WHAT TO DO
Look through the records below for the line with "Nickname for the" and the line with "Seller's Notes:This vintage", then return those lines and all lines between, exactly.

EXTRACTED ENTRIES
»»
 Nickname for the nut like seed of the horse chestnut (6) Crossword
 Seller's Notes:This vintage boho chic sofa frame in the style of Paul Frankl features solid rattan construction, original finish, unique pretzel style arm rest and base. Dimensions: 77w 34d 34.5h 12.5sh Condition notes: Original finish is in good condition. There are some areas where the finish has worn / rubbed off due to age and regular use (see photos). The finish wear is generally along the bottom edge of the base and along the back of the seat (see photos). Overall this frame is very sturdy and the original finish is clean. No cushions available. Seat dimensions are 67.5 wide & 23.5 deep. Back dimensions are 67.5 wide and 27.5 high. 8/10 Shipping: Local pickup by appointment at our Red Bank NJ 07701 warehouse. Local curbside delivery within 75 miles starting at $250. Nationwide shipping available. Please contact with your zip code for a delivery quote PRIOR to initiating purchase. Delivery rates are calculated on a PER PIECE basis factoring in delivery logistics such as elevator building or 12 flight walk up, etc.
««
»»
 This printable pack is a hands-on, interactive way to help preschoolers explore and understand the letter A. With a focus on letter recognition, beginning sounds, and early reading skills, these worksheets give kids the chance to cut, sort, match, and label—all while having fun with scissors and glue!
««
RESULT BELOW
 Nickname for the nut like seed of the horse chestnut (6) Crossword
 Seller's Notes:This vintage boho chic sofa frame in the style of Paul Frankl features solid rattan construction, original finish, unique pretzel style arm rest and base. Dimensions: 77w 34d 34.5h 12.5sh Condition notes: Original finish is in good condition. There are some areas where the finish has worn / rubbed off due to age and regular use (see photos). The finish wear is generally along the bottom edge of the base and along the back of the seat (see photos). Overall this frame is very sturdy and the original finish is clean. No cushions available. Seat dimensions are 67.5 wide & 23.5 deep. Back dimensions are 67.5 wide and 27.5 high. 8/10 Shipping: Local pickup by appointment at our Red Bank NJ 07701 warehouse. Local curbside delivery within 75 miles starting at $250. Nationwide shipping available. Please contact with your zip code for a delivery quote PRIOR to initiating purchase. Delivery rates are calculated on a PER PIECE basis factoring in delivery logistics such as elevator building or 12 flight walk up, etc.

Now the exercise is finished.